Шрифт:
Дракон выдохнул дым в лицо гостье.
— Просыпайся…
— Нина, когда я скажу, крутаните маховик три раза, — послышался над ухом шёпот Игоря Дмитриевича, — кашляните, если поняли.
Ракитина чихнула. В носу свербело, словно девушка вдохнула перца, затылок ныл. Кажется, инспектор набила шишку. Точнее, набили. Кто постарался — психолог или технарь — уже неважно. Без сомнения, Сидрова в сговоре с врагом. Как удачно выманила из кабинета!
Гудели автомобили, дул пронизывающий ветер, будто Нина лежала на улице. Перенесли? Зачем? Не проще ли расправиться в цокольном этаже, куда до утра никто не заглянет? Значит, лжецы задумали что-то иное. В голову лезли мысли о Скипетре, но сотрудница фонда упорно отрицала очевидное. Поверить — значит принять правила чужой игры. Как безоблачна иллюзия свободы! Как сладка вера в то, что в твоих руках сжаты нити судьбы! Пляска под чужую дудку раздирала сердце на кровоточащие куски.
— Глупо притворяться спящей.
Голос Веснина заставил Ракитину открыть глаза.

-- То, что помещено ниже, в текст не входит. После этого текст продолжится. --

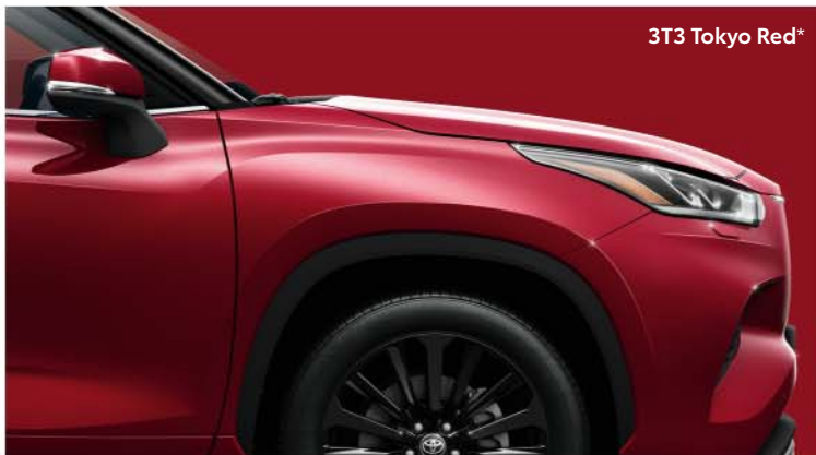
3T3 Tokyo Red *
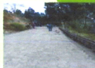
Dotación de adoquín y cemento para el adoquinado de la vía de ingreso al cementerio de la Comunidad de Lampata Chasqui
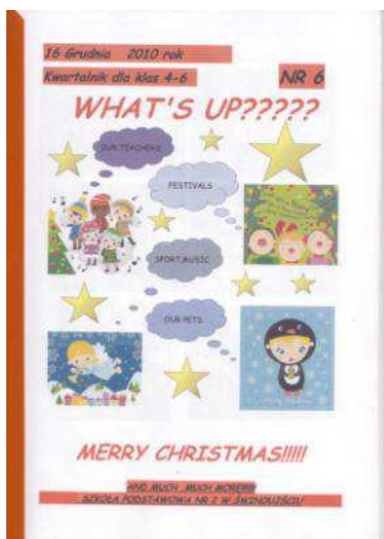
Fot. 5. „What’s Up????”, Szkoła Podstawowa nr 2 im. Majora Henryka Sucharskiego w Świnoujściu

„What’s Up????” jest dwujęzycznym kwartalnikiem uczniów klas IV–VI, wydawanym przez Szkołę Podstawową nr 2 im. Majora Henryka Sucharskiego w Świnoujściu. Drukowany w formacie A4, na zwyczajnym papierze, bindowany, ma kolorową okładkę i objętość około 32 stron. Ukazuje się na terenie szkoły w nakładzie do 50 egz. i kosztuje od 2 do 3 zł. Pismo ukazuje się od kilku lat (redakcja nie podała daty ukazania się pierwszego numeru). Adresatami periodyku są uczniowie i nauczyciele.
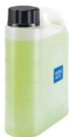
Nádobka pro napěňovací nástavec Nilfisk Vario (2,5L)
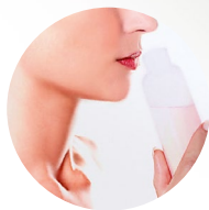
Ароматерапия и добавки для ванн
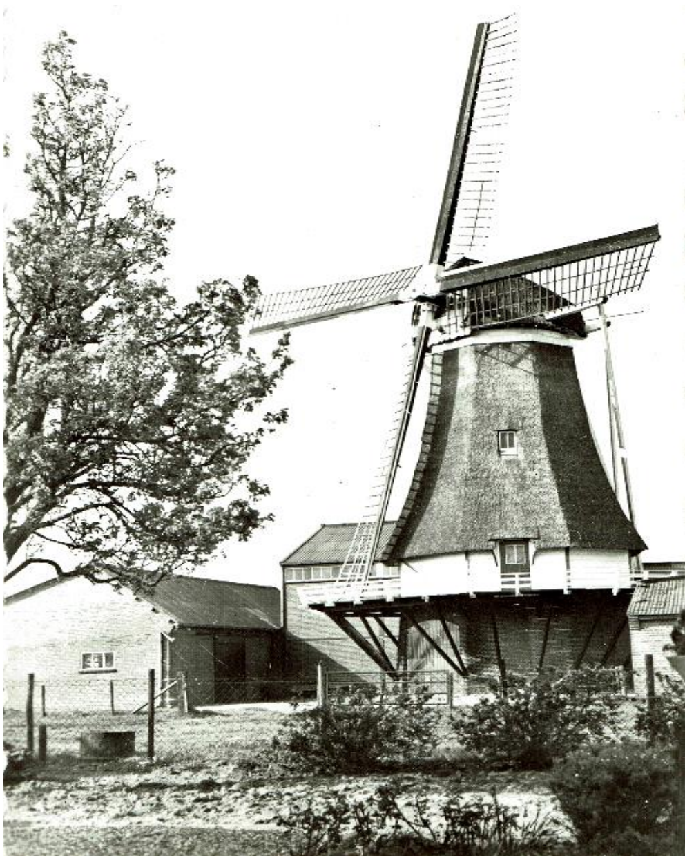
Molen Werklust Oene

Koos was altijd druk, was het een keer wat rustiger dan wilde hij nog wel eens een praatje maken met zijn klanten. Samen rookten ze een dikke sigaar en werden er moppen getapt. Hadden we een feestje van één van de personeelsleden dan werd er een boog gemaakt en stond er een kruiwagen klaar om zo nodig één van de jongens thuis te brengen. Sinterklaas werd gevierd met cadeautjes. Al het personeel kreeg iets persoonlijks met een mooi gedicht erbij en die werden gemaakt door Aaltje. Met al die andere hoogtijdagen was het altijd te druk in de zaak met inhaalwerkzaamheden, de dagen die we misten werden vooraf geregeld. Het vee kan niet zonder voer!
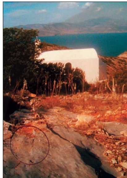
5. Θέση σπείρας Αγίου Αθανασίου.
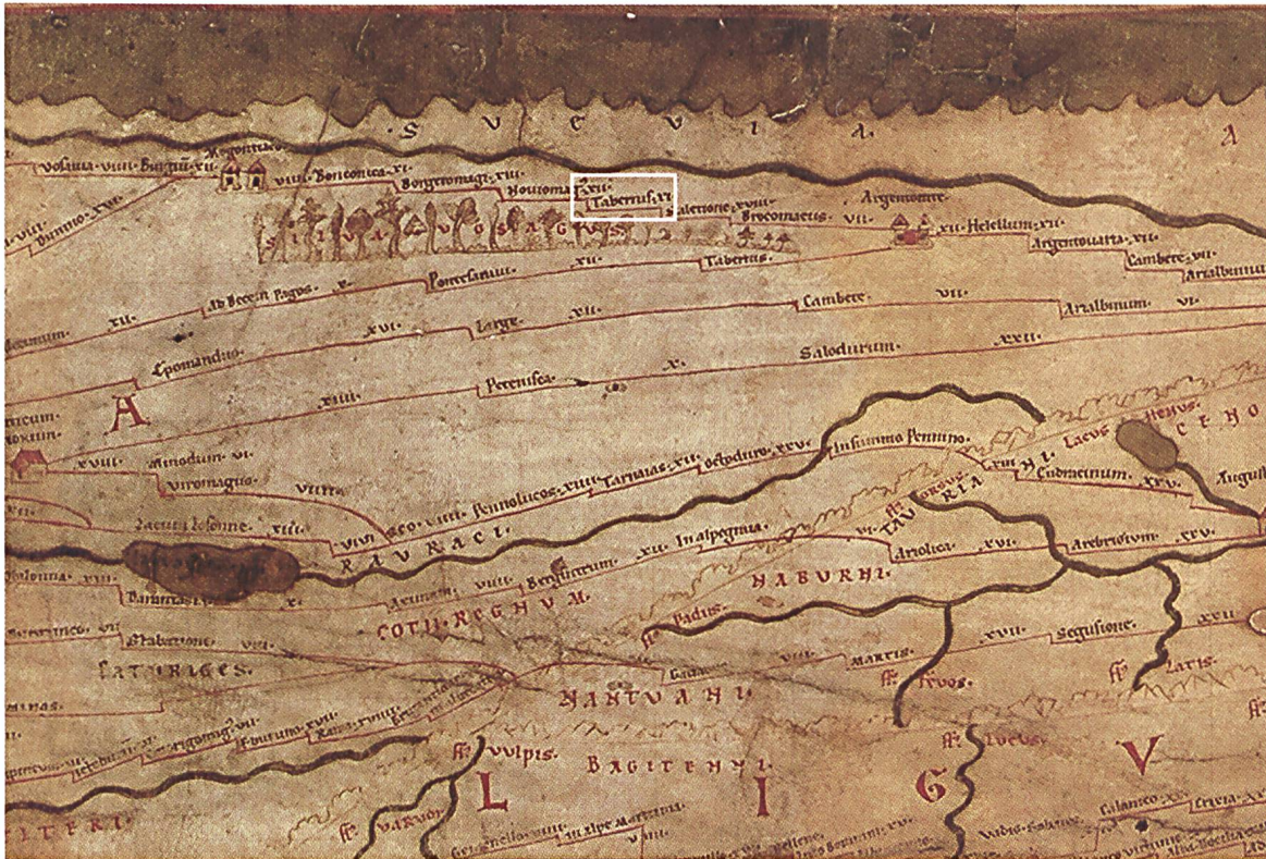
Das Keramik- und das Truppenzentrum sind auf der Tabula Peutingeriana, einer spätrömischen Strassenkarte, verzeichnet (4. Jh., Abschrift Staatsbibliothek Österreich in Wien vom 13. Jh.): Westlich des Rheins, gegenüber von SVEVIA (Land der Sueben), steht «Tabernis XI», also «11 Meilen ab Tabernae (Rhein Zabern)». Schräg rechts darunter «Tabernis» «ab Zabern/Saverne ...» ohne Angabe der Distanz nach Argentoratum/Strassburg. Bild: Wikimedia Commons, Segmentum II.
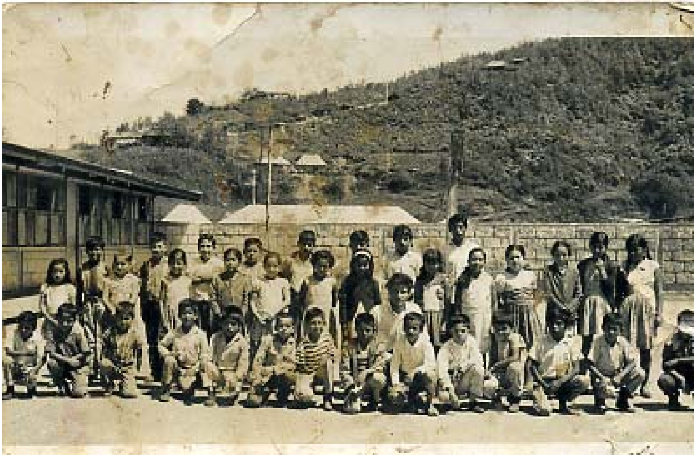
ALUMNOS DE LA ESCUELA PRIMARIA JUSTO SIERRA
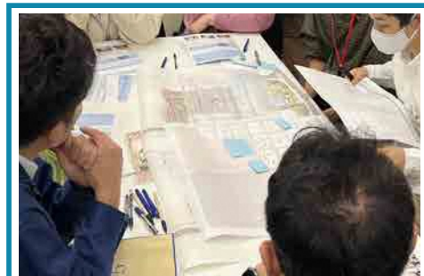
でてきた意見を「今回できる」「今回はできないが将来やろう」の2つにわけ、次回行う社会実験を決めました。
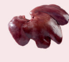
• HIGADO DE CERDO • PORK LIVER • 猪肝
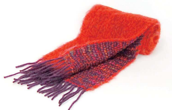
CO-14F Coco マフラー 赤
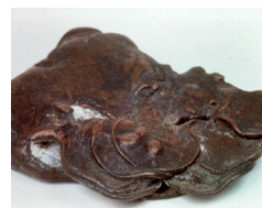
焼けた銅貨
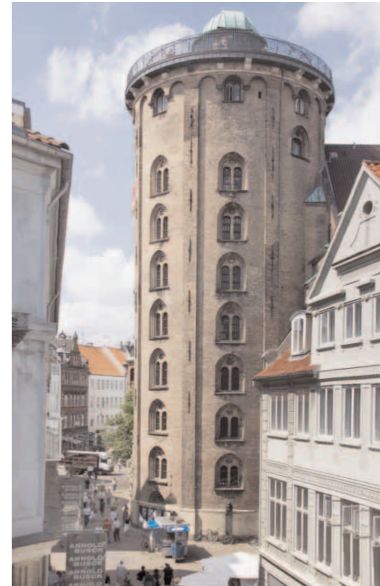
Trinitatis Kirke fuldførtes først i 1656 under Frederik 3. Hvælv og detalje af stovværk
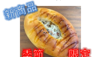
ジャーマンポテトパン 130円
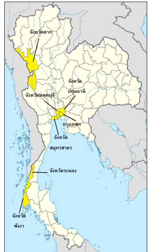
จังหวัดในประเทศไทยที่มีกิจกรรมต่อต้านการค้ามนุษย์ของไอโอเอ็ม

เพื่อสนับสนุนเสรีภาพและโอกาสในการเริ่มชีวิตใหม่ของผู้เสียหายฯ ไอโอเอ็มสนับสนุนการให้ความช่วยเหลือโดยตรงแก่ผู้เสียหายจากการค้ามนุษย์ ได้แก่ ที่พักอาศัยที่ปลอดภัย บริการทางการแพทย์ และการสนับสนุนด้านจิตสังคม รวมถึงสนับสนุนการเดินทางกลับประเทศต้นทางโดยสมัครใจ และการกลับคืนสู่สังคมของผู้ย้ายถิ่น ไอโอเอ็ม สนับสนุนความช่วยเหลืออย่างครอบคลุมให้กับผู้เสียหายจากการค้ามนุษย์ที่อยู่ในความคุ้มครองของบ้านพักเด็กและครอบครัว และสถานคุ้มครองสวัสดิภาพผู้เสียหายจากการค้ามนุษย์ทั่วประเทศไทย
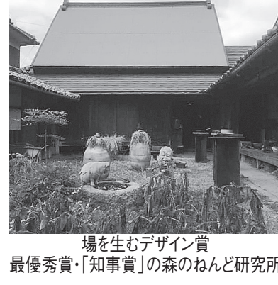
場を生むデザイン賞 最優秀賞・「知事賞」の森のねんど研究所

昭和59年度から隔年実施している「奈良県景観デザイン賞」を見直し、「場を生むデザイン賞」として昨年より実施。建物単体ではなく、地域社会と
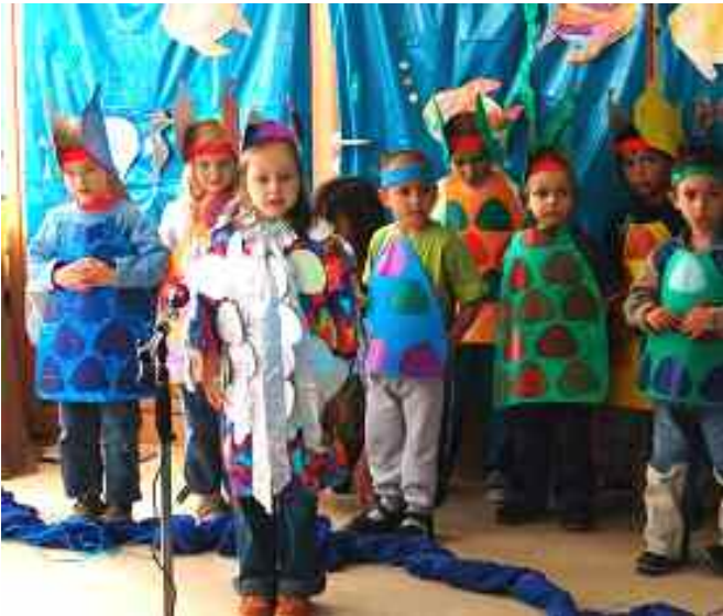
Bei unserem Gemeindefest in der Friedenskirche im Juli führten die Kinder des Kindergartens das Singspiel vom Regenbogenfisch auf.

Глава комиссии стоял на крыше управления. Ладони спрятаны в карманах антрацитового плаща, на лице — властная улыбка, будто события происходят точно по плану Алексея Петровича. От непоколебимой уверенности Нина вздрогнула и поняла выбор Олега. Всесилен враг и могущественен, такой уничтожит любого, союзником не побрезгует. Может, Аспен знает о нём что-либо?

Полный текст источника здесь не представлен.